Here is my opinion. Nothing going to happen, they will just suck money out of you. They cannot know more, than what the current studies are providing.

Everything is an assumption, everything is an hypothesis, there is one thing here for sure, those recoveries and even temporary recovery is telling me that the system is working, irreversible conditions don’t switch like that, sometimes I do not believe that epigenetic will switch the gene on and you get recovered you and tomorrow will going to switch back off again.

2-I consulted a geneticist at Baylor and he told me that it is almost impossible that Finasteride could cause an epigenetic modification, he also told me that epigenetic changes are reversible and not permanents, he told me also that he dosen’t know how Khera will switch those genes.

In my pinion the Baylor study is not speeding the study in my opinion for the following reason:
Khera is a doctor and assistant professor at the university, what time left to dedicate to an study + he is not affected with Fin.
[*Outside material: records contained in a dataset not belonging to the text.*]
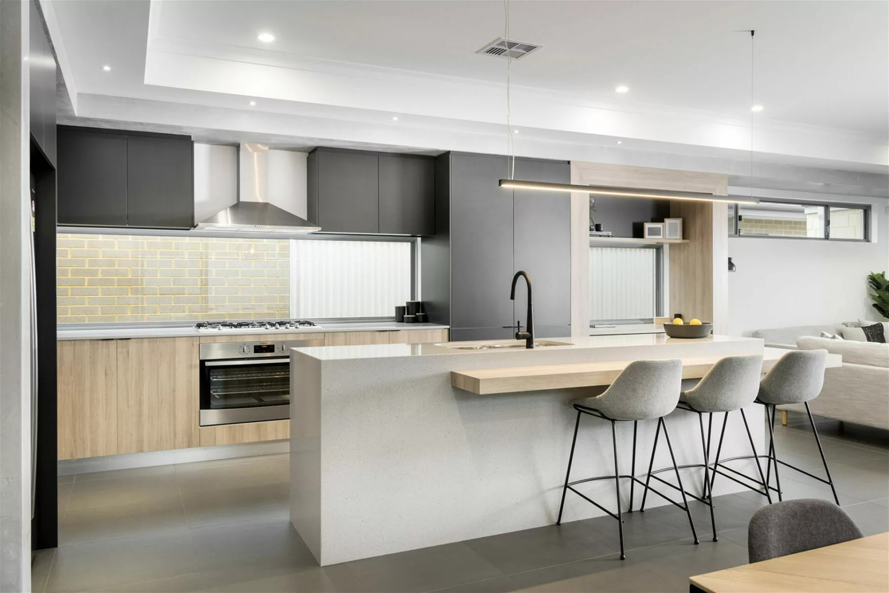 900mm Cooktop and oven with integrated rangehood and overhead cabinetry
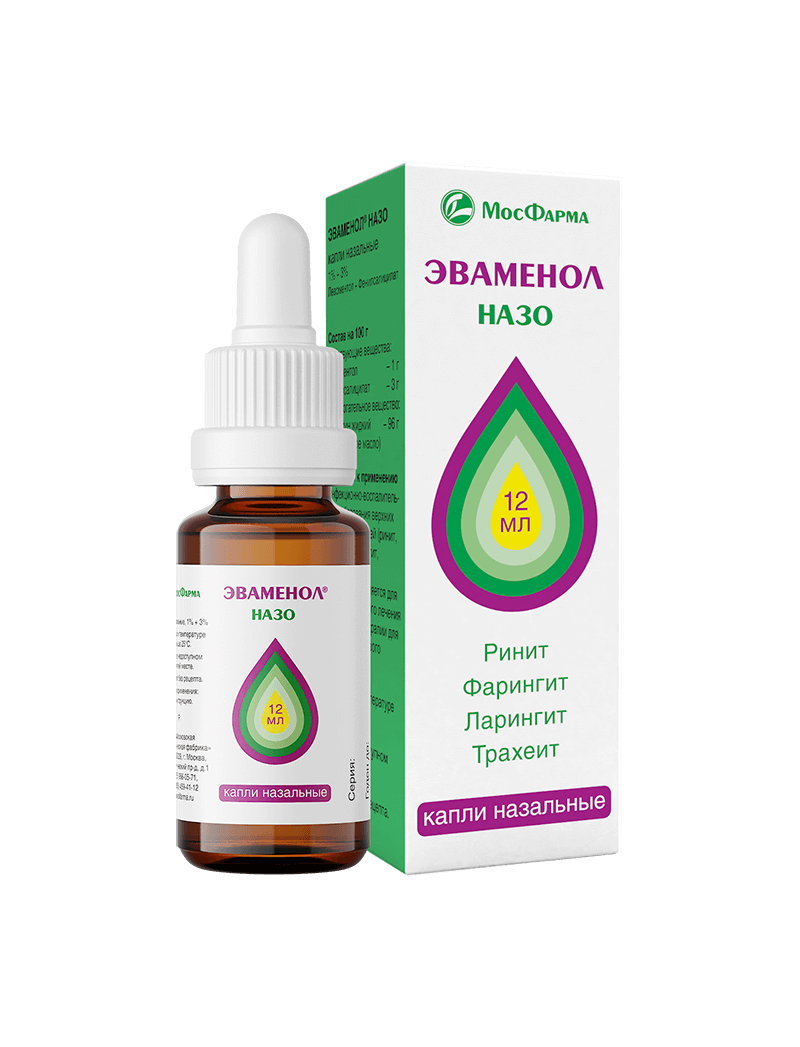 Эваменол Назо обладает комплексным действием и помогает справиться с симптомами насморка и других воспалительных заболеваний дыхательных путей (фарингит, ларингит, трахеит). Капли способствуют улучшению носового дыхания, уменьшают отек слизистой оболочки носа и количество выделений, снимают зуд и боль и создают приятное ощущение прохлады. Эваменол Назо также оказывает местное противовоспалительное и дезинфицирующее действие, за счет чего создается защита от простудных и вирусных заболеваний.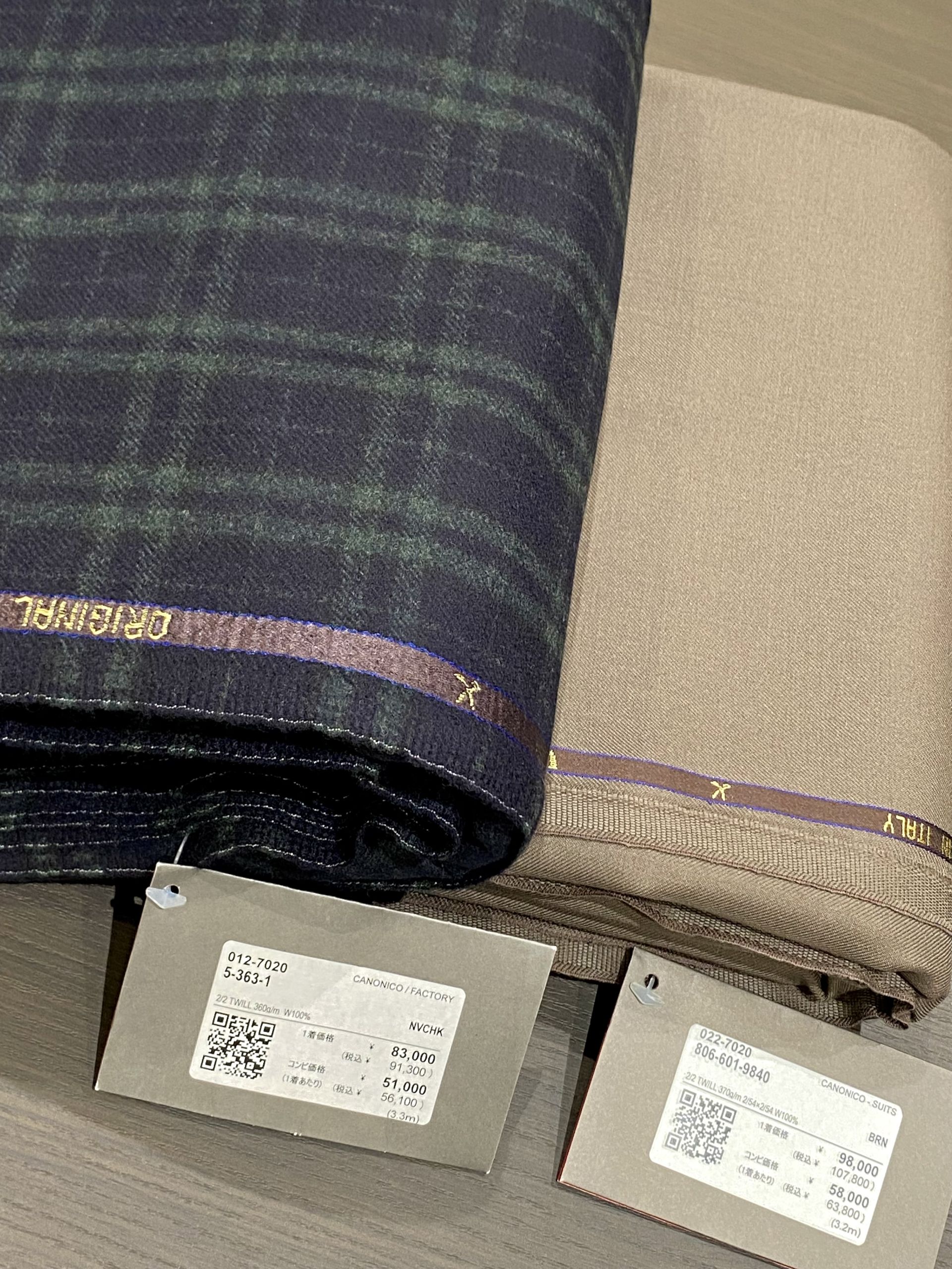 ちなみに目付は260g/mあたりから厚みのある生地になってきて数字が大きくなるごとに生地秋冬向けへ寄っていきます。370g/mは重ためな生地で仕立て映えすること間違いなしです!!

I think that taking the study to at monster center like this one it is different history.

Neuroactive steroids.

Neuroactive steroids are natural or synthetic steroids that rapidly alter the excitability of neurons by binding to membrane-bound receptors such as those for inhibitory and (or) excitatory neurotransmitters. The best-studied neuroactive steroids are a series of sedative-hypnotic 3 alpha-hydroxy ring A-reduced pregnane steroids that include the major metabolites of progesterone and deoxycorticosterone, 3 alpha-hydroxy-5 alpha-pregnan-20-one (allopregnanolone) and 3 alpha,21-dihydroxy-5 alpha-pregnan-20-one (allotetrahydroDOC), respectively. These 3 alpha-hydroxysteroids do not interact with classical intracellular steroid receptors but bind stereoselectively and with high affinity to receptors for the major inhibitory neurotransmitter in brain, gamma-amino-butyric acid (GABA). Biochemical and electrophysiological studies have shown that these steroids markedly augment GABA-activated chloride ion currents in a manner similar (but not identical) to that of anesthetic barbiturates. Several steroids have also been observed to have convulsant or proconvulsant properties, including the synthetic amidine 3 alpha-hydroxy-16-imino-5 beta-17-azaandrostan-11-one (RU5135) and the natural sulfate esters of pregnenolone and dehydroepiandrosterone. Several of these have been shown to be bicuculline or picrotoxin-like GABAA receptor antagonists. Examples of steroids that alter neuronal excitability rapidly by augmenting or inhibiting excitatory amino acid receptor-mediated responses have also been reported. Recently, allopregnanolone and allotetrahydroDOC have also been measured in brain and plasma where their levels have been shown to fluctuate in response to stress and during the estrous and menstrual cycles of rats and humans, respectively. Although the major fraction of allopregnanolone in tissue, including brain, is of adrenal and/or ovarian origin, appreciable levels of allopregnanolone can still be measured in the brains of adrenalectomized and/or oophorectomized animals. Receptor-active neurosteroids may represent an important class of neuromodulators that can rapidly alter central nervous system excitability via novel nongenomic mechanisms.